Findings of the large, evaluative study of service quality in chat reference services will be compared with the findings of these studies where appropriate and will also be examined for new trends. Chat session transcripts allow for evaluating not only the answer but also other aspects of the chat session that are factors likely to influence the quality of the answer, such as the quality of the negotiation.
The pilot study described in this article was designed to pre-test some aspects of the methodology and analysis for an unobtrusive observer study of chat reference service quality. The research questions for the final study of service quality will be:
The pilot study looked specifically at several aspects of the methodology intended to support the larger study, including:
The results of the pilot study may stimulate the reformulation of the original research questions or may lead to development of totally new questions.
The pilot study used trained questioners posing as real chat reference service clients to ask a limited set of questions in two chat reference services (one in a public library and the other in an academic library). The questions represented direct and escalator questions and solicited different types of information, based on Graesser's typology of questions. The process and data were analyzed to answer methodological concerns and to test possible qualitative and quantitative techniques for data analysis.

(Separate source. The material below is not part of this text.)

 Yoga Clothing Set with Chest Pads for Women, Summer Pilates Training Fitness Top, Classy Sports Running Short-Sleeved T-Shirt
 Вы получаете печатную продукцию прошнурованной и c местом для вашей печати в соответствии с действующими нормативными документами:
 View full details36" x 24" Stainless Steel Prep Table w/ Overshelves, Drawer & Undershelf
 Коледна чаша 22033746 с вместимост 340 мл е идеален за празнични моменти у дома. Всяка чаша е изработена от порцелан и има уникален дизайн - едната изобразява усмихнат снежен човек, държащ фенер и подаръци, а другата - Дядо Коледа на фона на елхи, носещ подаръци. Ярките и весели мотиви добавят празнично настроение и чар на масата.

Since the large study will analyze chat reference services in both academic and public libraries, participation for the pilot study was solicited from one library from each type. Within each library, librarians or others staffing the chat reference services were considered the information specialists, i.e., those answering the question asked by a questioner. For the pilot study, the questioners were the three researchers engaged in the study, plus a colleague in a University of Maryland library. The questioners posed as real chat reference service clients and asked questions; the information specialists responded to those questions. All questioners were knowledgeable about reference generally and chat reference service specifically. In three cases, the questioners have or have had operational responsibilities for a chat reference service. In the final study, questioners will be persons familiar with reference work.
Establishing the questions to be used in the study was a multi-step process in itself. This objective was divided into five tasks:
Tasks 1, 2, and 5 involved only the researchers. Tasks 3 and 4 required the participation of others.

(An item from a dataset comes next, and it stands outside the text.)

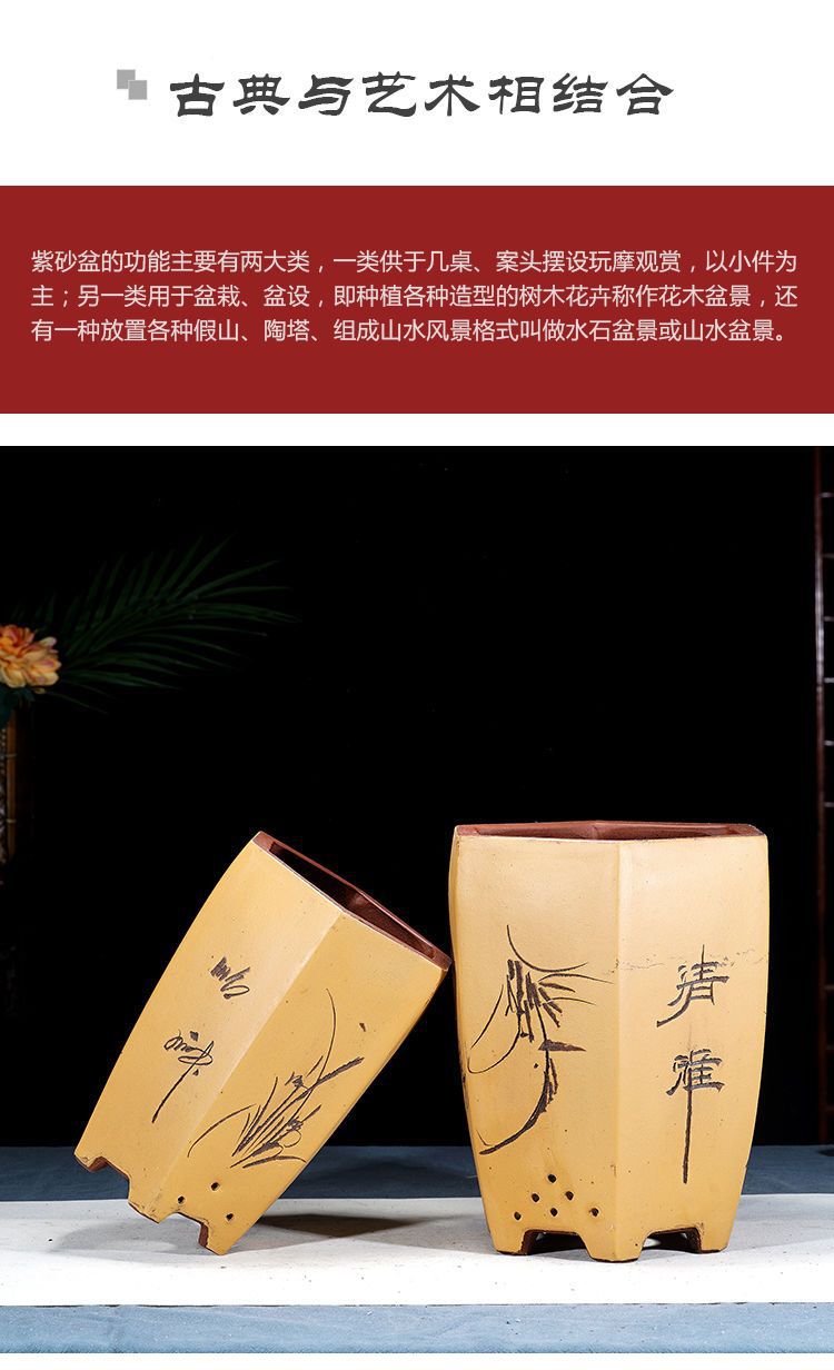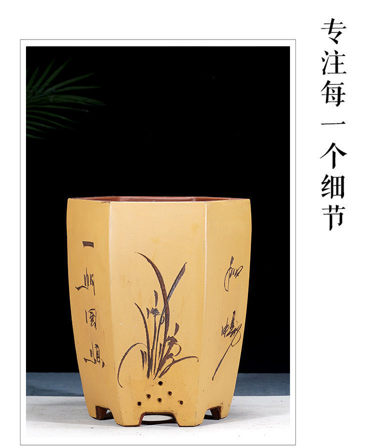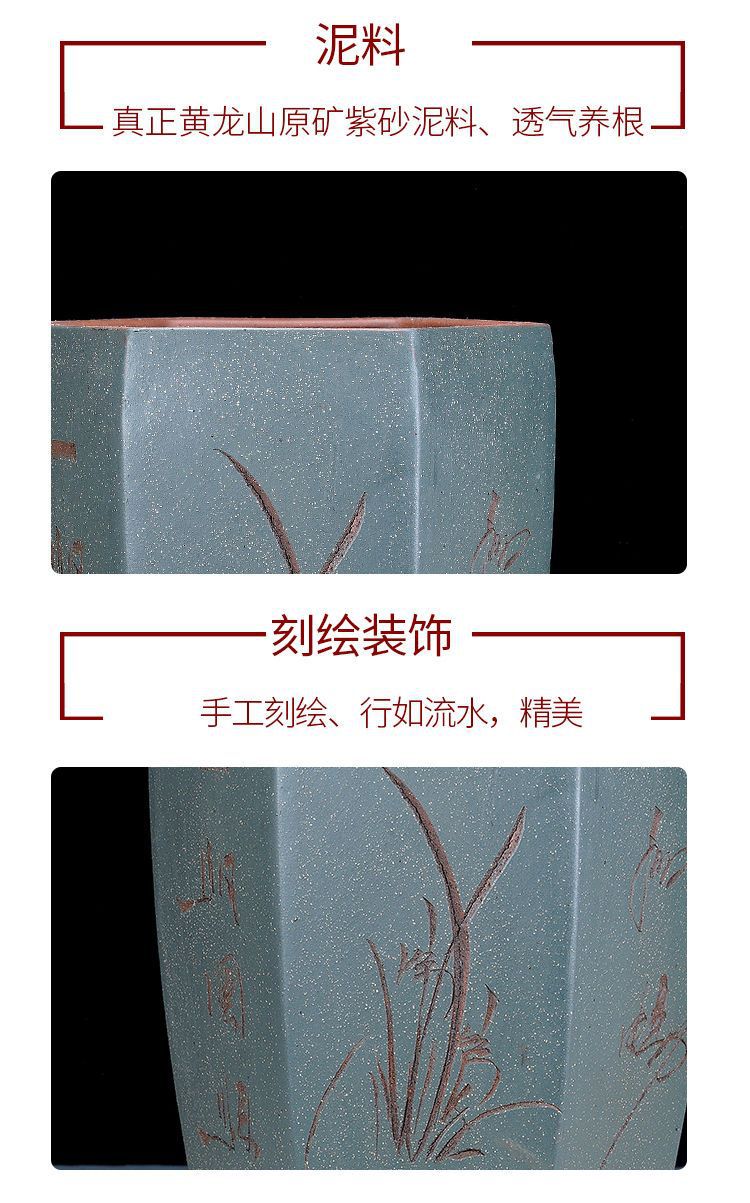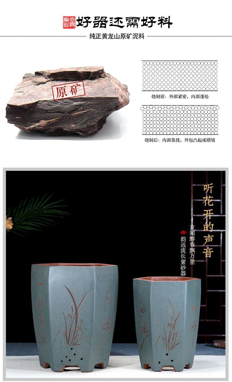 이싱 보라색 점토 화분, 육각형 난초 화분, 꽃과 녹색 식물 화분, 대형 수제 화분, 화분 Mingwei

First, the researchers determined that the study would include a range of questions categorized in two ways. In the first categorization, the questions included both direct and escalator questions. A direct question is phrased as a traditional interrogative statement (beginning with an interrogative word and ending with a question mark) that is clearly stated and accurately reflects the desired information. Childers incorporated escalator questions into his study of information service in public libraries in Suffolk County, New York [Childers, 1978]. The pilot study used his definition of an escalator question as one in which "the initial question presented in the library was not the exact thing needed. The proxy [questioner] was ready with one or more detailed questions on the same topic as the original inquiry, should the respondent show signs of negotiating the original inquiry". The eventual question in all cases was a request for factual information, not judgments or opinions.
In the second categorization, the questions represented categories based on Graesser's typology of questions [Graesser, 1994]. Graesser's categories are based on the nature of the information requested, independent of the question's subject. As a result, the typology is useful in the chat reference service environment where subjects of questions may vary widely. (See White (1998) for an application of Graesser's typology to questions posed by both intermediaries and clients during reference interviews. A chart explaining all categories and giving reference interview examples is included [White, 1998].) The typology contains twenty types of questions (including assertions, requests, and directives), but the pilot study questions represented just four categories, three intended to elicit short answers, and one that would require a longer answer [Graesser, 1994]. In the final study, when more questions are used, the questions will represent additional types of questions according to Graesser. Other studies in library and information science use Graesser's typology for categorizing questions as well [Slaughter, 2002; White, 1998 and White, 2000; Keyes, 1996; and Stavri, 1996]. No other unobtrusive study of reference has used Graesser's categories for determining question types.
Next, the researchers devised a large set of questions, aiming for diversity in subject matter, type of question based of the direct/escalator question dichotomy, and type of question based on Graesser's categories. Fifty questions were established at this stage. Some of these were based on actual questions used in chat services. Then, each researcher determined his or her best set, i.e., the questions he or she considered the best mix for achieving diversity, based on the characteristics noted above. These votes were tallied, and the focus shifted to the questions with the greatest agreement.
The third task addressed the question of fairly using one set of questions for both academic and public libraries. In other words, to what extent are questions appropriate in one library type equally appropriate for another? A set of likely questions for the pilot study (N = 9) was sent to a convenience sample of academic librarians and public librarians. They rated the questions on a 5-point Likert scale, assessing the likelihood that they would encounter a question like it in their type of library. The four questions with considerable agreement between the libraries were used for the pilot study. Generic forms of these are included in Table 1; the actual questions are not included since they or variants of them will be used in the final study. The questions represented different Graesser categories. Two were selected to be the basis of escalator questions, and two were phrased as direct questions. Additional comments about this phase of the methodology are included in the discussion of methodological findings.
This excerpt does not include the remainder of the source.